Genetic Identity can be Inferred via Internet Search

Researchers at MIT have discovered that the identity of a person donating their DNA sequence anonymously for research purposes may be revealed using only information that is publicly available on the Internet, according to a new paper published in Science. By cross-referencing genome sequencing data that is posted online with public genealogy data, the identity of an anonymous DNA donor may be found. Previously, participants in DNA sequencing projects had been alerted to the fact that their anonymity would not be guaranteed, but that the risk of identification was minimal. This finding, however, marks the end of genomic anonymity.

In 2005, the Washington Post reported on a teenage boy who managed to track down his biological father, a sperm-donor, by submitting his own DNA to an online genealogy service. The service searched their sequence databases for males that shared repeat sequences of the boy’s Y-chromosome, finding weak matches to two men with the same surname. This information, coupled with the father’s place and date of birth, information which had been given to the mother, allowed the boy to find his biological father. Researcher Yaniv Erlich and his team heard about this story and instantly realized the threat to the privacy of genome donors.

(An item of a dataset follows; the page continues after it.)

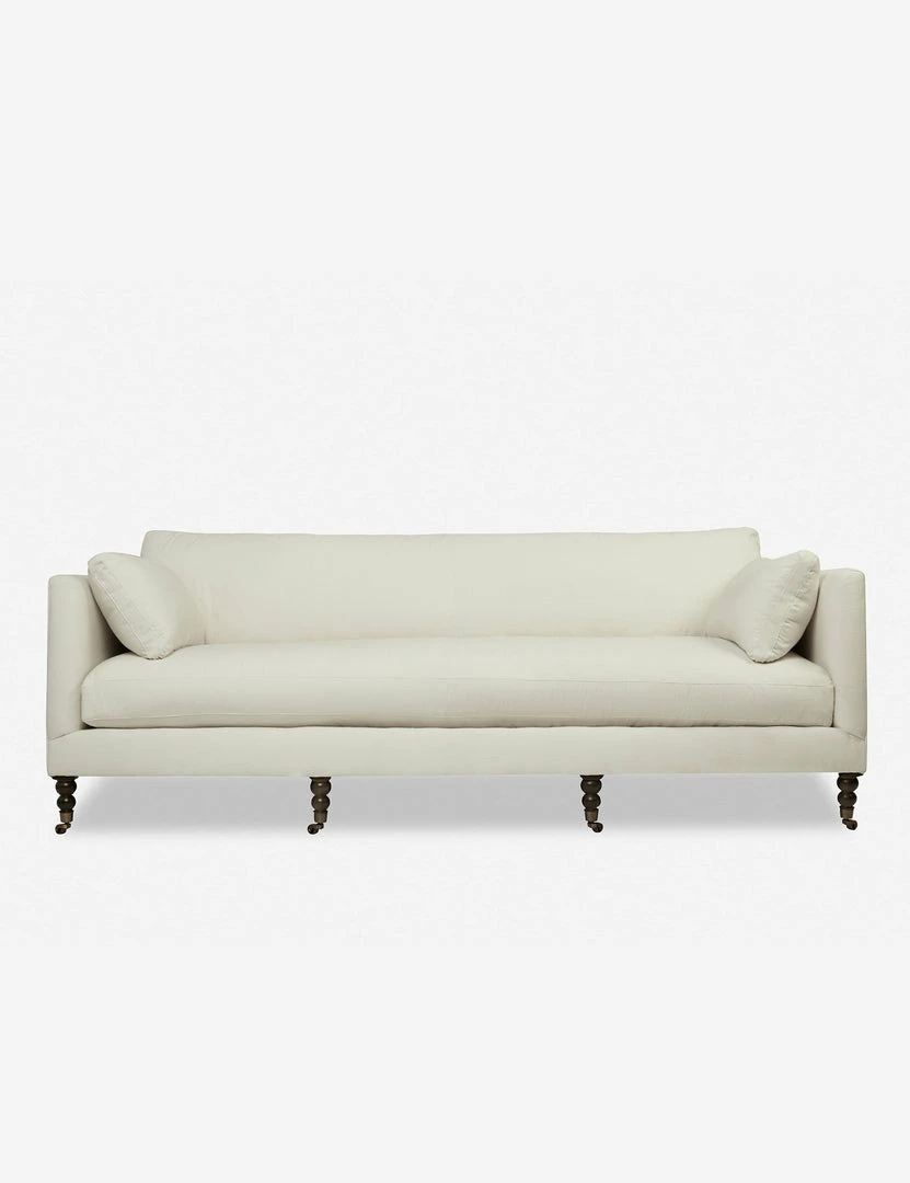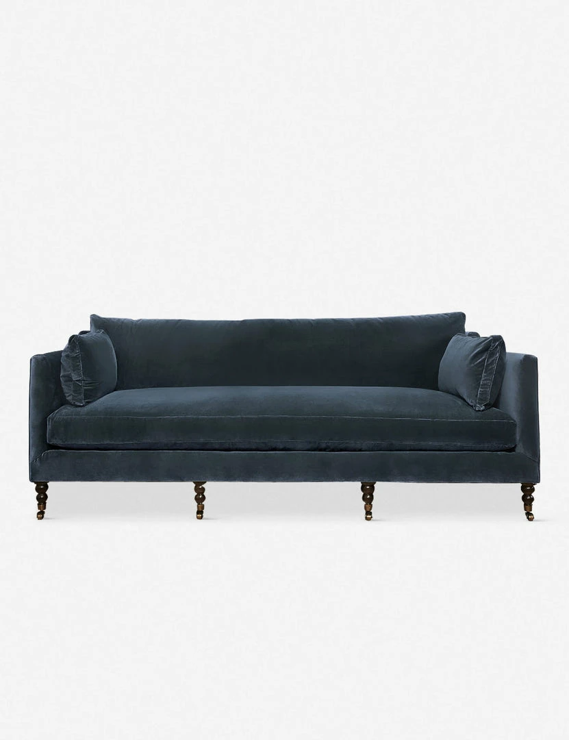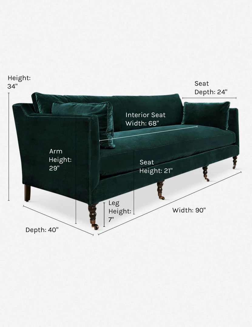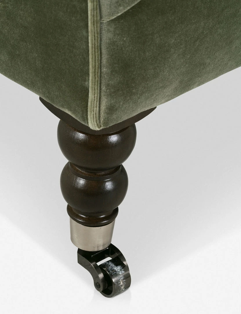 Add a touch of vintage flair to your living room or office with the Fabienne statement sofa. Antique, muted velvet meets traditional curved legs in the back and ornate shaped legs in the front of this plush couch. Finished with small front wheels to ease movement.

His team duplicated the methodology in question, performing online genealogy searches on Y-chromosome short tandem repeats (STRs) retrieved from whole genome sequences. They found that such searches revealed not only strong correlations between the genome and potential surnames, but also other information about patrilineage, including geography, and detailed pedigree. Surnames, however, are a weak identifier, so the team cross-referenced the revealed information with other data like age and state of residence, and even other sources like online obituary information, which all greatly increased the chances of correct identification. The entire process was done with publicly available information. There were no private databases used. While they only identified 5 donors, they also revealed the identities of 50 individuals in total through the pedigrees of those donors. Erlich estimates that there’s a less than one in a million chance that their methodology was so effective on chance alone.

The privacy concerns raised by this experiment are not restricted to genetic donors. As shown by the case that spawned this research, private citizens can do their own genetic searches with the right information, and while the Genetic Information Nondiscrimination Act prohibits employers and health insurance companies in the United States from discriminating on the basis of genetic information, there is no way to track such public searches, and the mere threat of such a breach in anonymity may be enough to dissuade people from volunteering for genomic research projects.

The full implications of the kind of freedom of information afforded by the Internet on biometric identification and anonymity have yet to be seen, but this research offers a glimpse into where we may be headed.